— Другими словами, то, что еврей не может спокойно передвигаться по своей собственной земле — это второстепенно, стратегически верно? То, что арабы отказывают нам в праве на эту землю — это второстепенно и стратегически верно? То, что мы добровольно отдаем инициативу тем, кто готов в любой момент нас уничтожить — это второстепенно? Что за галутная манера вечно бояться, пресмыкаться перед властью, надеяться, что британцы нас похвалят за сдержанность! Только они все равно будут сажать наших товарищей в тюрьмы и вешать за то, что осмелились бороться.
— Не передергивай! — раздраженно перебил Фаню уполномоченный. — Никто не требует от нас идти как бараны на заклание. Зачем извращать четко высказанную мысль: оборона — да. Так называемые акции возмездия — нет.
— Так тогда и оборона ваша ни черта не стоит. Так и будем жить с иллюзией, что если мы «будем себя хорошо вести», то тогда все поймут, какие мы замечательные, и перестанут нас убивать. А этого не будет. Еврейская «хорошесть» всегда воспринималась как слабость. И всегда будет восприниматься как слабость. Счастливо оставаться, сдержанные!
Фаня встала со скамьи, протиснулась между притихшими кибуцниками и демонстративно вышла из столовой. Встала, чтобы отдышаться. Вечер прохладный, приятный. Вот он реальный мир. А эти, в руководстве, живут в мире иллюзий. Идеологически выверенных.
Сзади кто-то подошел, тронул за плечо. Аврум!
— Тоже не выдержал?
— Ну да. А ты — молодец! Ты понимаешь, что нас после этого выгонят?
— Почему «нас»? Выгонят меня.
— Потому что я уйду с тобой.
Аврум попробовал притянуть Фаню к себе, она осторожно вывернулась, сделала шаг назад:
— Не стоит, Аврум. Прости, но у меня есть парень…
— Это Меир?
— Неважно, дружище. Он есть — и все. Так получилось.
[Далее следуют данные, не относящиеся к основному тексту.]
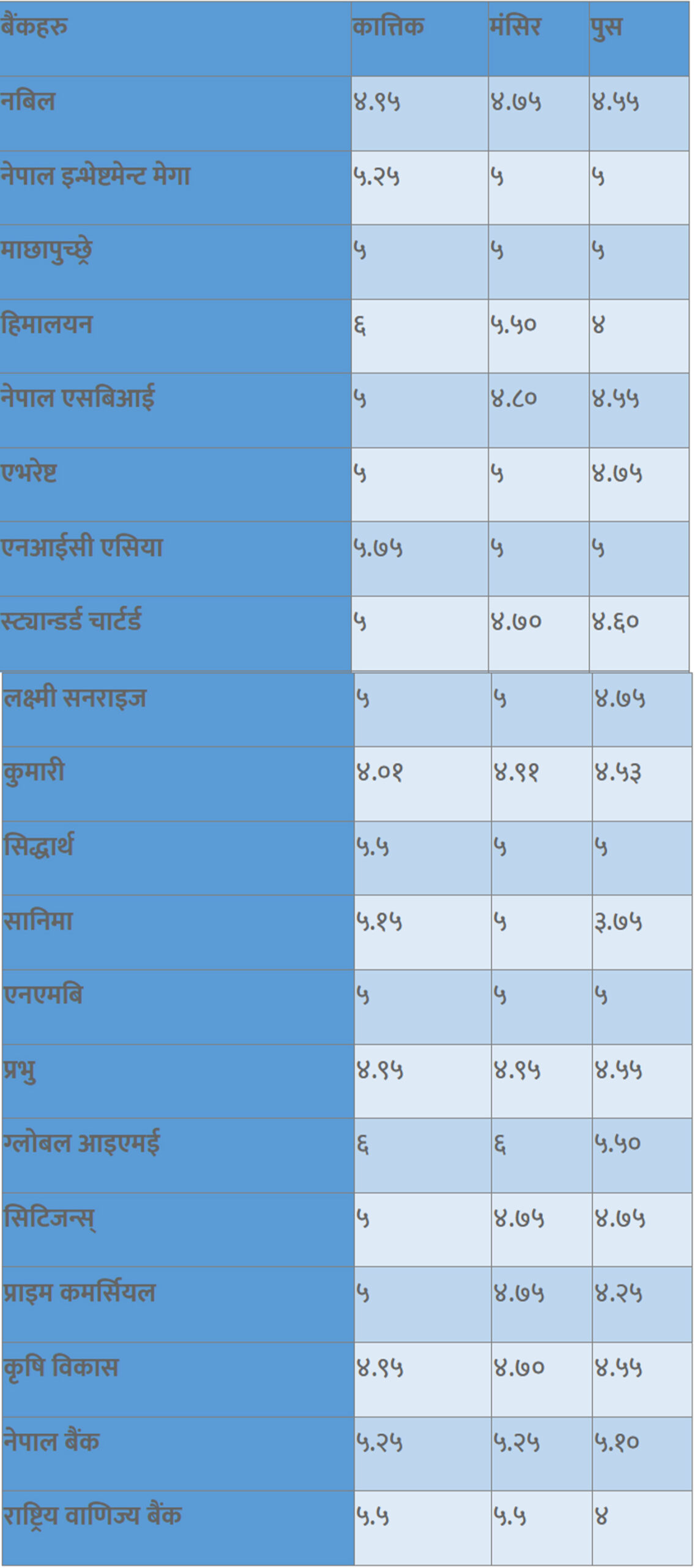 सात वाणिज्य बैंकहरूले (सिटिजन्स, माछापुच्छ्रे, एनआईसी एशिया, सिद्धार्थ, नेपाल इन्भेष्टमेन्ट मेगा, एनएमबि र हिमालयन बैंक) मङ्सिर महिनाकै अधिकतम ब्याजदरलाई निरन्तरता दिएका छन् । पुस महिनामा व्यक्तिगत मुद्दति निक्षेपमा ग्लोवल आइएमई बैंक र हिमालयन बैंकले अधिकतम ५.५ प्रतिशतसम्म ब्याज दिनेछन् ।
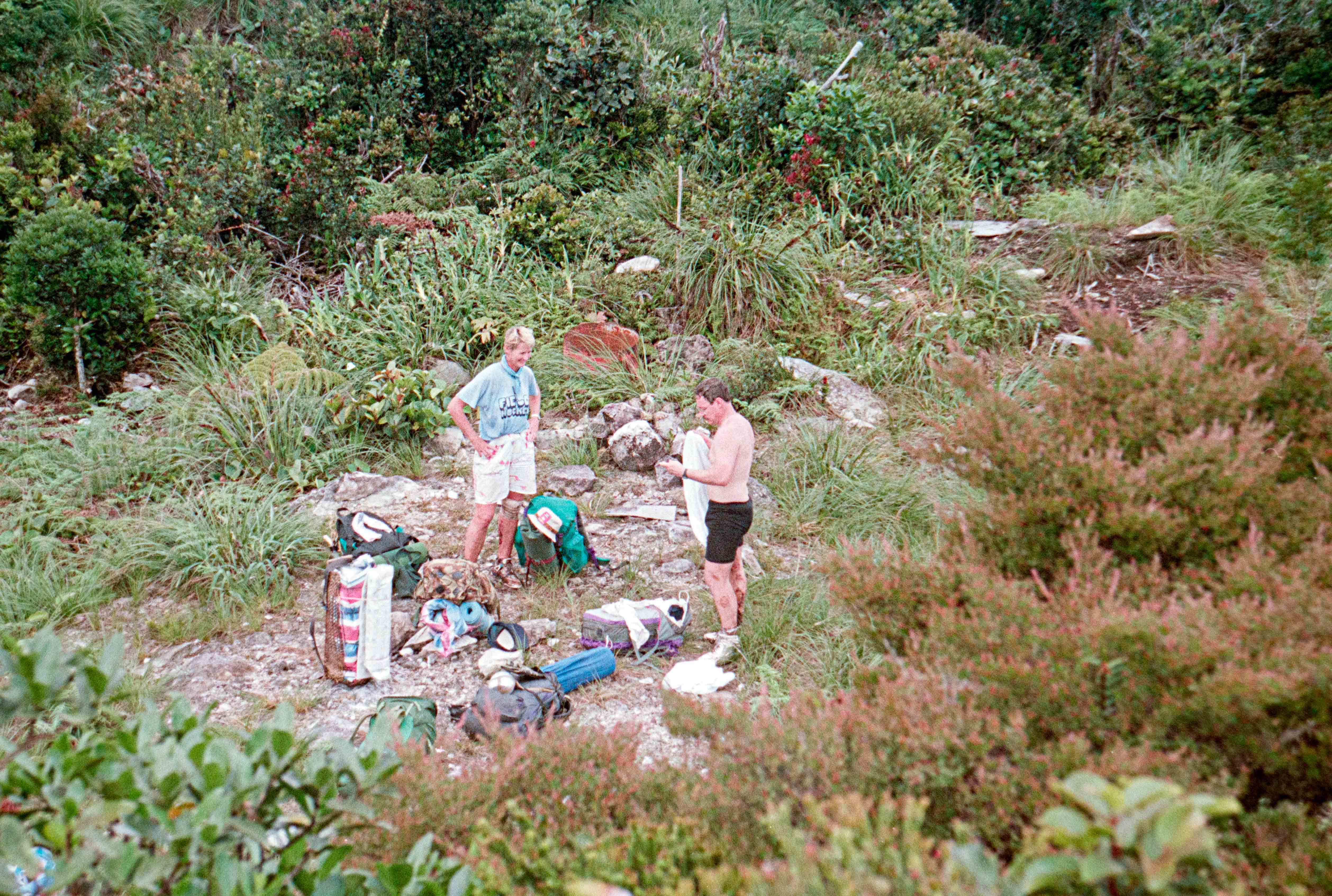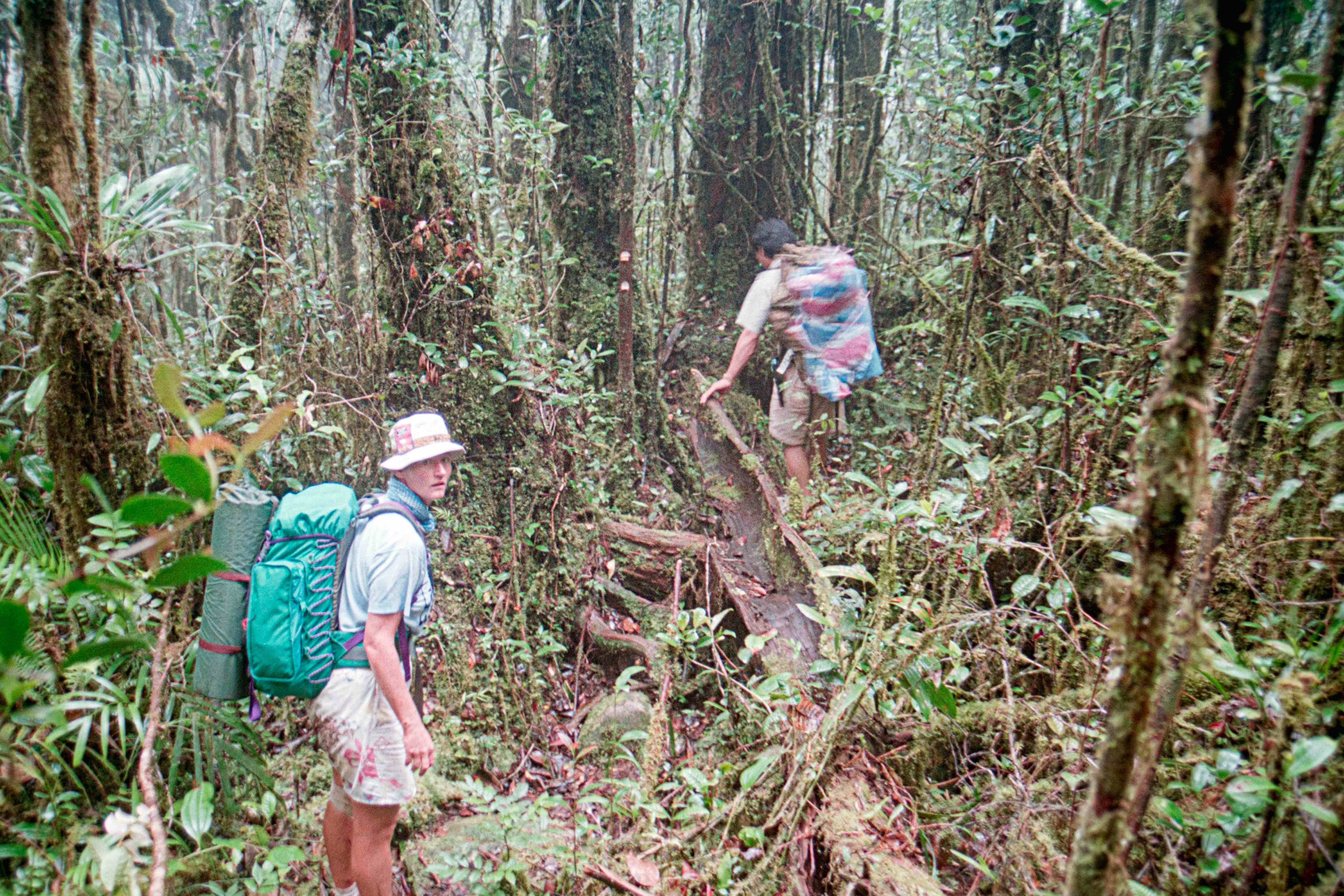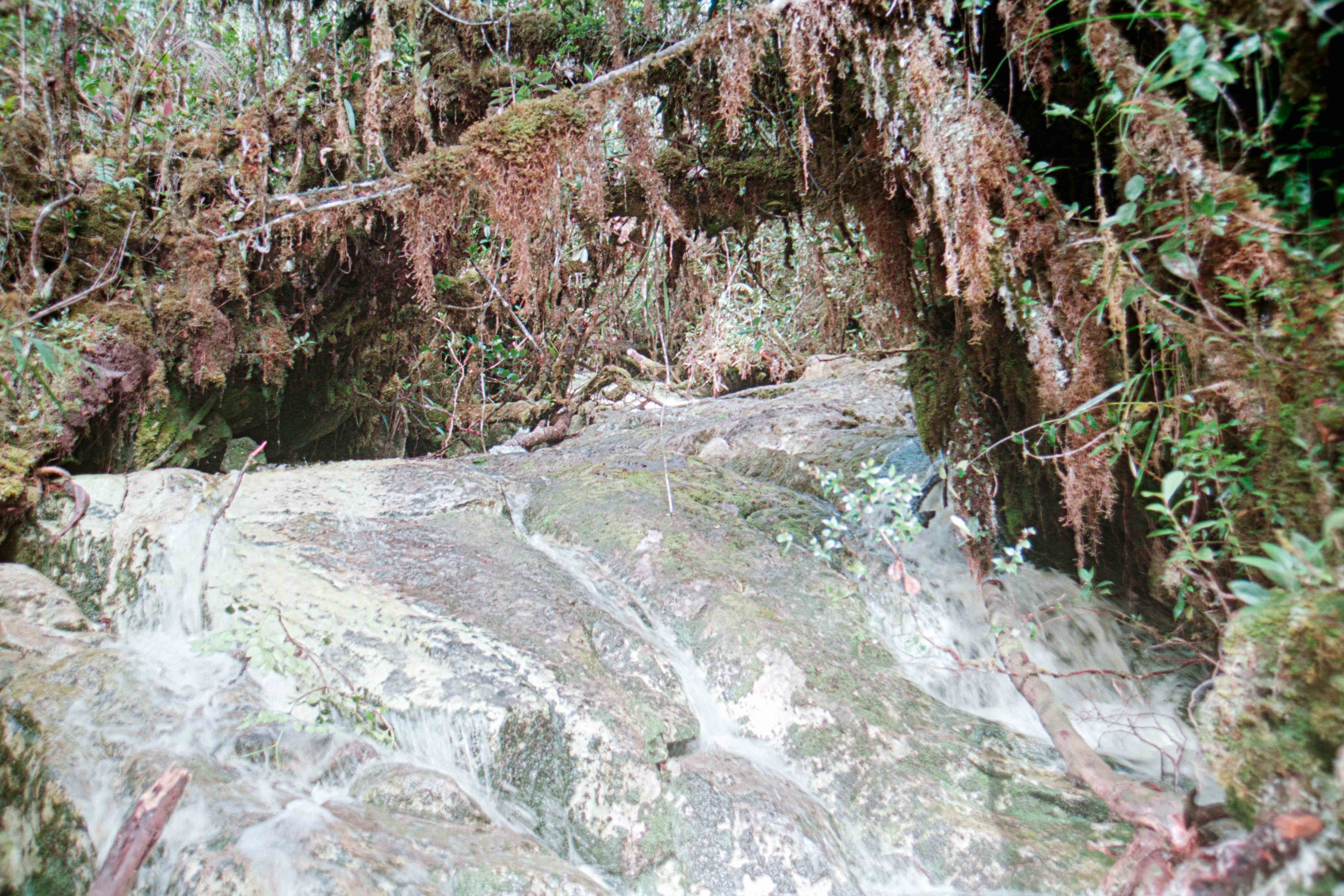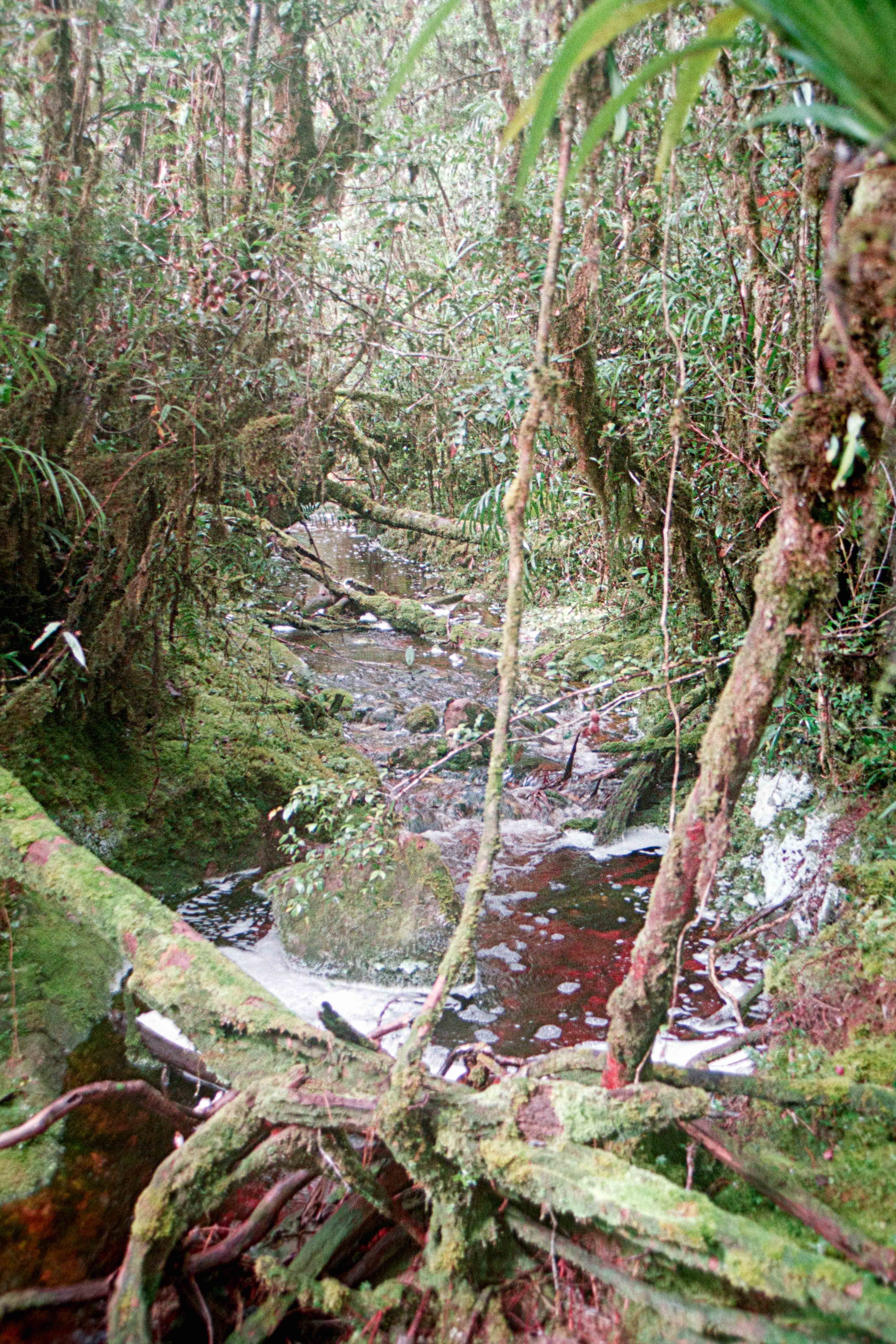 Het laatste deel Gunung Murud op (2484 m), lekker klimmetje door de mossige, natte Cloudforest”. Op deze berg ontspring de Baram rivier. Hier slechts een stroompje die Dapur rivier heet. Vanaf dit moment zijn Dio en ik Buffulo en Buffelientje. Het pad is wat glad en lekker balanceren en aan takken hangen. Wij dus constant op ons achterwerk en dan weer op handen en voeten omhoog en omlaag, we worden dus ook lekker vies en dat blijven we ook de rest van de trip.

Она хотела добавить, что он еще молодой и обязательно встретит хорошую девушку, но вовремя одумалась. Это ужасно пошло, лучше ничего не говорить. Она и не сказала.
— Да, Меир, я все помню. Мы с Михаль тогда заявились к тебе в Хайфу, а потом вместе перебрались в Тель-Авив. Вместе, потому что ни ты, ни я не могли прекратить борьбу. И за нами обоими гонялись и британцы, и наши бывшие соратники. Это все было с нами обоими, понимаешь?
— Тогда — да, не было у нас разногласий. А теперь… Когда ты потеряла свою уверенность в необходимости борьбы за государство?
— А кто тебе сказал, что я ее потеряла?
— Разве нет? Почему же ты вместо борьбы с англичанами пошла к ним в услужение?
— Это не услужение. Это служба. И служба не на англичан, а вместе с ними, потому что я считала — и считаю! — что на тот момент самым важным было воевать с нацистами. Черчилль тоже пошел на союз со своим смертельным врагом Сталиным ради победы над Гитлером. И это было правильно. А что до наших братьев… Ты слышал, что немцы творили с евреями в Европе?
— Слышал. Все равно не понимаю, почему нужно было идти на поклон к тем, кто оккупирует нашу землю. Они наши враги — тут, а немцы — враги там.
— Да, а когда итальянцы бомбили Тель-Авив, они тоже были там? Когда от их бомб погибали евреи, это тоже была не наша война? Так что, пожалуйста, не сравнивай эту войну с Испанией!
— Это тогда ты решила, что пойдешь к англичанам добровольно?
— Да. Я даже помню этот день: 12 июня, ровно пять лет назад, когда они сбросили бомбы рядом с нашим домом. Помнишь?
— Помню.
— Я видела тогда обожженных детей и подумала, что это могла быть Михаль.
— Поэтому ты ее и бросила почти на три года?
— Я не бросила! Я писала ей каждую неделю, я рассказывала ей все про себя. Если ты забыл, я приезжала в отпуск…
— Да-да, целых три раза за два с половиной года.
— Да. «Целых три раза». Я очень за Михаль волновалась, но с ней был ты, и это было надежно…
— Не пытайся мне льстить, не надо — не поможет.
— Я ничего не пытаюсь! Тем более льстить. Просто я тогда отчетливо поняла, что если мы опять будем надеяться на чужого дядю, который придет, сделает за нас всю работу и победит немцев — ничего хорошего из этого не выйдет. Нас сожгут. Как сожгли наших братьев в Европе. А вместе с британцами мы хотя бы можем сражаться с нацистами.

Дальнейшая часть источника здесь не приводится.